Die fünfjährige Milana liegt in einem Hospiz in Magdeburg im Sterben. Ihre Eltern wollen sie nach Hause nach Halle holen. Doch dafür fehlt eine Wohnung - und Geld. Eine ehemalige Anästhesie-Pflegerin des Mädchens sammelt nun Spenden.

Von Julius Lukas Aktualisiert: 13.12.2023, 16:32
Elena Kravets weicht ihrer Tochter Milana im Kinderhospiz der Pfeifferschen Stiftungen in Magdeburg nicht von der Seite. Sie würde das Kind gern für die letzten Wochen nach Hause holen. Doch dafür fehlt Geld. 
Elena Kravets weicht ihrer Tochter Milana im Kinderhospiz der Pfeifferschen Stiftungen in Magdeburg nicht von der Seite. Sie würde das Kind gern für die letzten Wochen nach Hause holen. Doch dafür fehlt Geld.  (Foto: Julius Lukas)

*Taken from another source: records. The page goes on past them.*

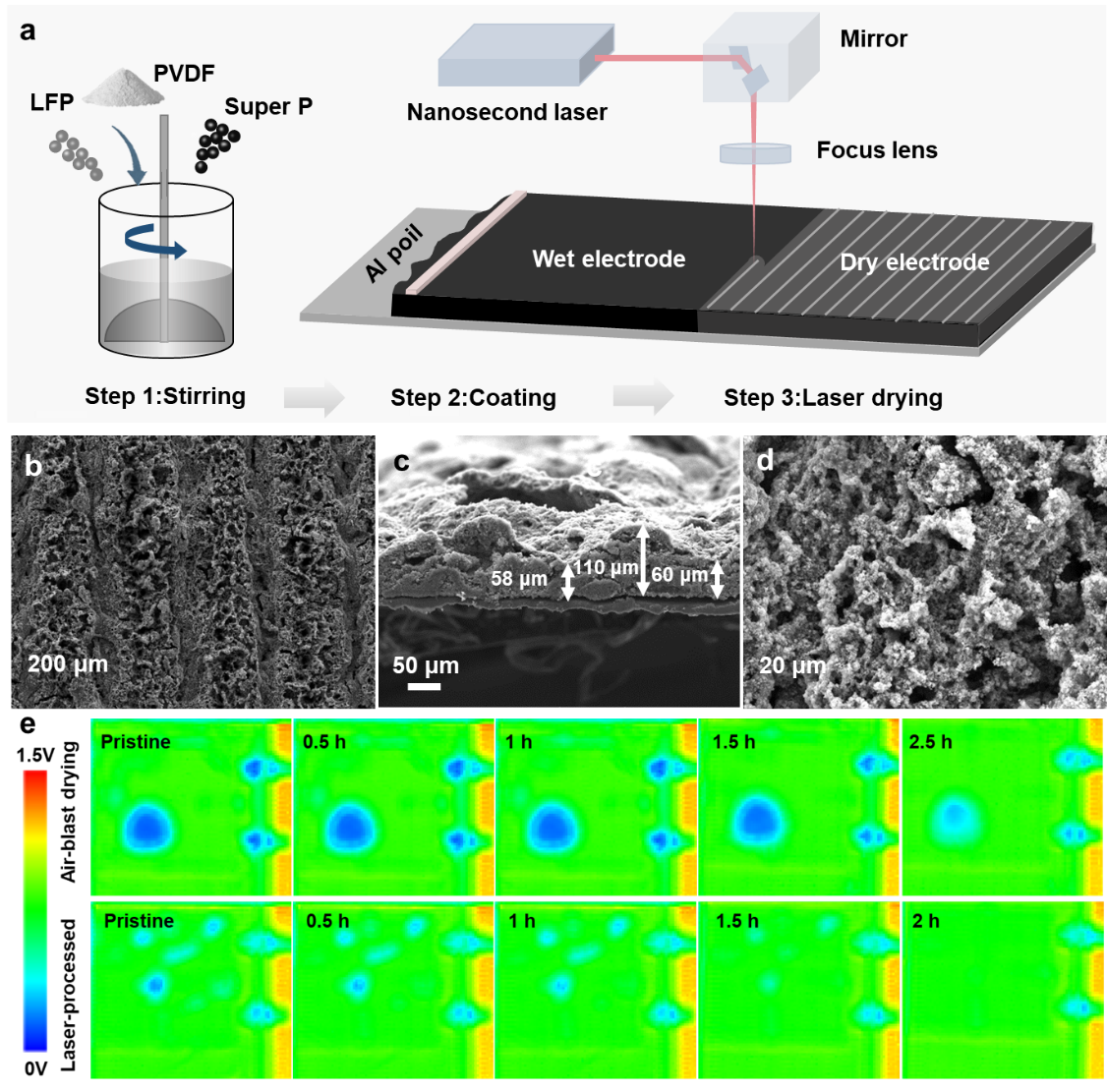 针对上述挑战,曾玉彬教授团队提出了一种基于纳秒脉冲激光技术的原位耦合制造新方法,其核心在于实现了从湿电极到功能化厚电极的“一步式”高效制备。该方法在单一工序内,利用高能激光同步完成了电极的快速稳定干燥与表面微结构的精准构筑,成功诱导形成垂直取向的周期性微沟槽与多级孔隙。由此构建的“宏观通道-微观空腔-纳米孔洞”跨尺度协同传输网络,为离子和电子开辟了双连续的快速通道,从根本上优化了厚电极的离子传输效率、电解质浸润均匀性及机械稳定性,从而显著提升了电极的可逆比容量、快充能力和循环稳定性。该方法将电极制造中两大核心工序合二为一,为高性能锂离子电池的高效制造提供了兼具工艺创新与性能突破的全新解决方案,具有重要的理论意义与工程应用前景。
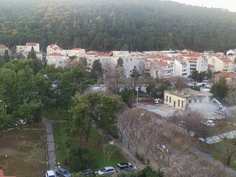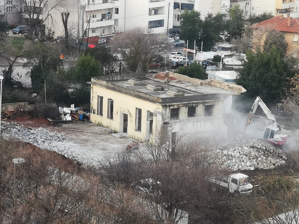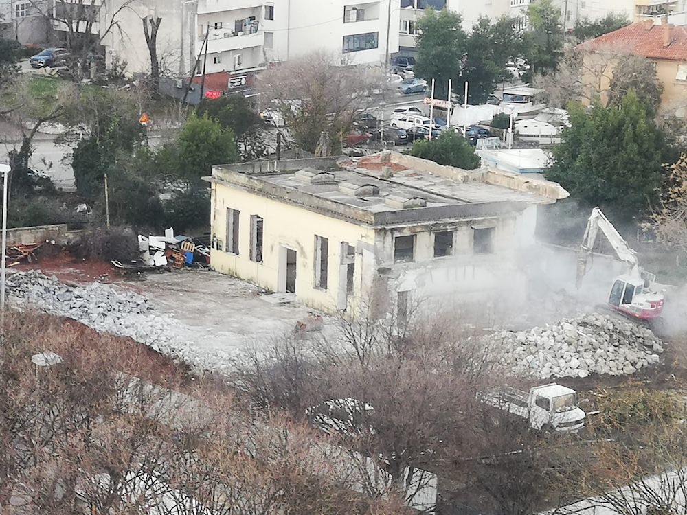 Kako doznajemo od investitora Božidara Giljanovića iz tvrtke In Continuo, zgrada je srušena jer je bila u katastrofalnom stanju i prijetila je opasnost da se uruši. Na njenom mjestu podignut će se objekt istih gabarita, a uredit će se i parking s nekih 30 parkirališnih mjesta.
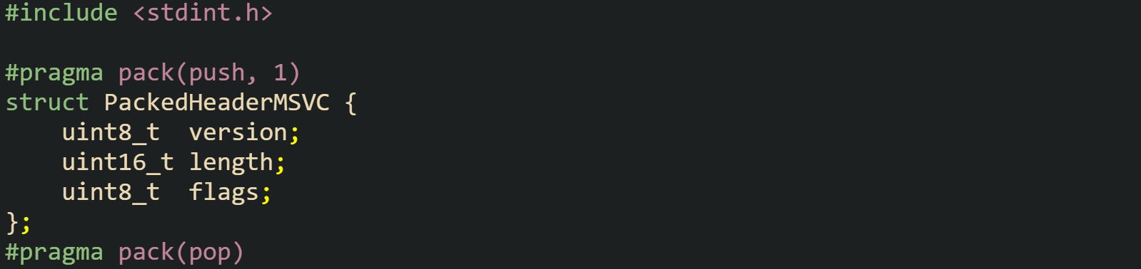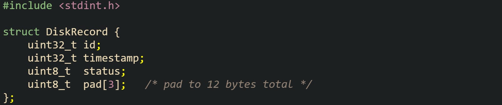 ![#include <stdint.h> struct DiskRecord { uint32_t id; uint32_t timestamp; uint8_t status; uint8_t pad[3]; /* pad to 12 bytes total */ }; #include <stdint.h> struct DiskRecord { uint32_t id; uint32_t timestamp; uint8_t status; uint8_t pad[3]; /* pad to 12 bytes total */ };](https://substackcdn.com/image/fetch/$s_!lJ-G!,w_1456,c_limit,f_auto,q_auto:good,fl_progressive:steep/https%3A%2F%2Fsubstack-post-media.s3.amazonaws.com%2Fpublic%2Fimages%2Ff4920dcf-8117-486f-8109-9c607e4ca14b_1606x336.png)

Magdeburg/Halle/MZ. - Milana grinst, Milana ist konzentriert. Das kleine Mädchen sagt ein Gedicht auf: „Mama, es ist gut, dass es Dich gibt, Mama, Du bist meine Sonne, Du lässt mich wachsen“. Dann, im nächsten Video, zeigt Milana ihrem Papa stolz ein Kunstwerk aus Knete. Ihrem Papa, dem sie nie von der Seite wich, wie in dem Video, in dem er schlafen will, Milana ihn aber wach hält, weil sie immer wieder ihren Kopf auf seinen Bauch legt.

 
Spendenkampagne: Pflegerin sammelt Geld, damit die todkranke Milana aus Halle ihre letzten Wochen zu Hause verbringen kann. Wer kann Milana helfen? (Kamera: Kravets, Schnitt: Christian Kadlubietz)

Milanas letzte Wünsche

Noch ein Video, in dem Milana lacht und singt. Noch ein Video, in dem sie mit dem Fahrrad über einen Spielplatz kurvt. Und dann, der vierte Geburtstag, im November 2022, in Halle. Milana pustet mit aller Kraft, doch die Kerzen ihrer Torte gehen nicht aus. Sie liebt Kuchen, sie liebt Geburtstage. Wie alle Kinder.

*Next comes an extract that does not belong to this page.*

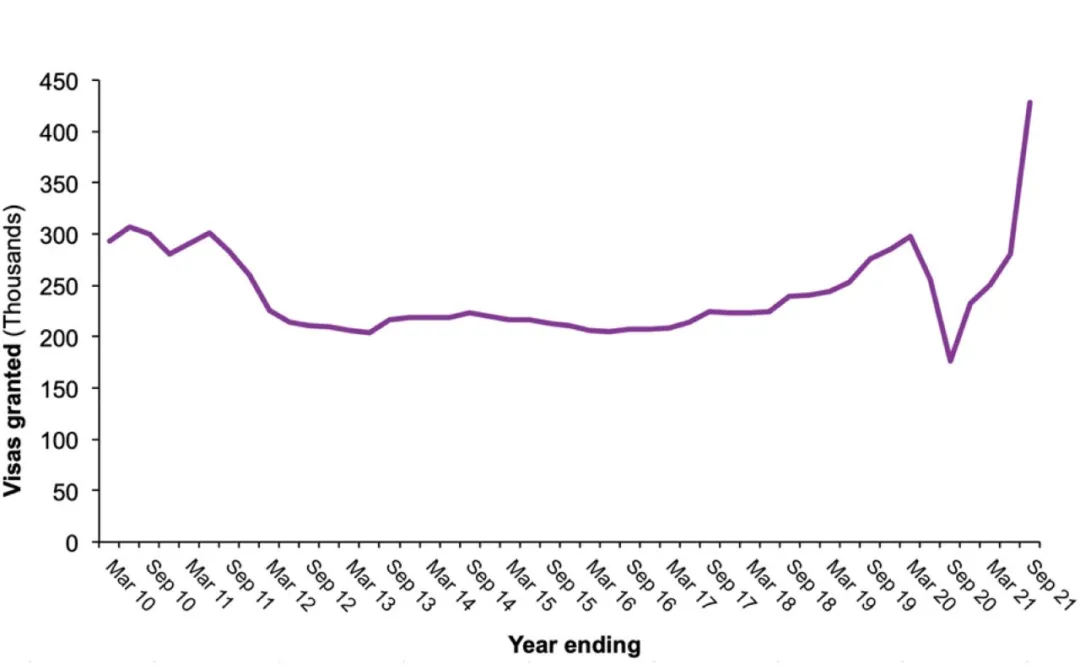 從英國過去十年發(fā)放的擔(dān)保學(xué)生簽證數(shù)量曲線圖我們可以看出,學(xué)生簽證發(fā)放數(shù)量在2012年到2017年期間較為平穩(wěn),在2018和2019年有明顯增加,隨后因新冠疫情影響急劇下降,并在2021年強(qiáng)勁回升。
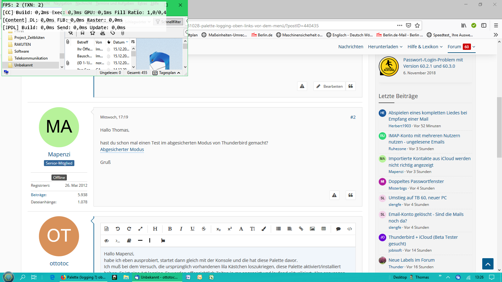 Hallo, ich habe beim Thunderbird oben links vor dem Menü eine teiltransparente Palette mit vier Zeilen in der Zeitwerte in ms angezeigt werden. Wenn ich die Browser Konsole öffne, habe ich dort auch oben links die gleiche Palette. Urspr. waren dort drei lila Felder mit je drei Ziffern zu sehen. Wie kriege ich das wieder weg ?

Ein Jahr später, wieder ein Video. Milana auf dem Arm ihrer Mutter. Elena Kravets streichelt ihre Tochter, drückt sie an sich. Milana liegt in ihren Armen, unbewegt, abwesend und doch dabei. „Trotz ihres Zustands haben wir ihr gratuliert und gute Worte an sie gerichtet, weil wir wissen, dass sie das in ihrer Seele spürt.“

Schwere Hirnschädigung: Milana wird nicht mehr lange leben

Mit jedem Video, das sie auf ihrem Handy abspielt, mit jeder Szene aus dem Leben ihrer Tochter sammeln sich mehr Tränen in den Augen von Elena Kravets. Es sind die Tränen einer Mutter, die ihr Kind verliert.

Milana wird sterben. Sie hat eine schwere Hirnschädigung und liegt im Kinderhospiz in Magdeburg. Während ihre Mutter die Videos zeigt, hört man sie leise atmen. Sie schläft, so wie die meiste Zeit des Tages. Die starken Schmerzmittel erschöpfen ihren Körper.

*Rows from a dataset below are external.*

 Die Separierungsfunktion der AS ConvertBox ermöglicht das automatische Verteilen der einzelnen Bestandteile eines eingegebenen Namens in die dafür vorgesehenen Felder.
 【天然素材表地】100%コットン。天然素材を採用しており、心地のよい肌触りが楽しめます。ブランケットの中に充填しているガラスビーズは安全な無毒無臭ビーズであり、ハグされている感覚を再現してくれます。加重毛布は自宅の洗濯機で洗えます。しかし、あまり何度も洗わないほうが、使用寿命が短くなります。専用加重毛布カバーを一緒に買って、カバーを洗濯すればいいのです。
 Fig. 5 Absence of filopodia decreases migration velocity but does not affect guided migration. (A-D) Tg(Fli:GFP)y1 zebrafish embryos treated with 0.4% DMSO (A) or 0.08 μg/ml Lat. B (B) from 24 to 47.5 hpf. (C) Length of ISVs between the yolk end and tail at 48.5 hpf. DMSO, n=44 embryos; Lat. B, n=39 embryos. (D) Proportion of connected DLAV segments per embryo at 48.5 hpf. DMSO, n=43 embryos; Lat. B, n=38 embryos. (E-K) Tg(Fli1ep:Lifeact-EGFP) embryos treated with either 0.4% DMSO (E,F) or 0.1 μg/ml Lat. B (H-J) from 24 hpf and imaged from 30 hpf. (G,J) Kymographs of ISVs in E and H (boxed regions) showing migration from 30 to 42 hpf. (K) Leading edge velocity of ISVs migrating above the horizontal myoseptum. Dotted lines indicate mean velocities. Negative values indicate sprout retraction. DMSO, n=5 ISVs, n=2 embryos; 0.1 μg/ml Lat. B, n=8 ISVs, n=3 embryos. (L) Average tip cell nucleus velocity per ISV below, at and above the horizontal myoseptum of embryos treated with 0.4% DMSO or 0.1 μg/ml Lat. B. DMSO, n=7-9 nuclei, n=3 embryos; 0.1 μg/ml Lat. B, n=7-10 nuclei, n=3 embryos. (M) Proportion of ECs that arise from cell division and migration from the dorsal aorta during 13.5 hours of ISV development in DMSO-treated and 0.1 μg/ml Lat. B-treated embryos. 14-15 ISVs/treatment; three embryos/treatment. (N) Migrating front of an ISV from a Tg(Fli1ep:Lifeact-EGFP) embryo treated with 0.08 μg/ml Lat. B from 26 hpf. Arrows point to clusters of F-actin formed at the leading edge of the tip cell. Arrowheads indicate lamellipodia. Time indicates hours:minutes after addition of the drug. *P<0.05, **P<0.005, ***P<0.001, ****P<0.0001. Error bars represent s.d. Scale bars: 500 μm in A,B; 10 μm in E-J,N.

Die Wohnung der Familie in Halle ist zu klein

Im Hospiz geht es der Familie gut. Milana hat vier ältere Geschwister. Zwei davon, Diana und Nasar, leben mit in Magdeburg. Wie Elena Kravets haben sie im Hospiz ein eigenes Zimmer, gehen in eine Schule ganz in der Nähe. Die älteren Geschwister, Illja und Veronika, leben mit Milanas Vater in Halle, dort wo auch die Wohnung der Familie ist.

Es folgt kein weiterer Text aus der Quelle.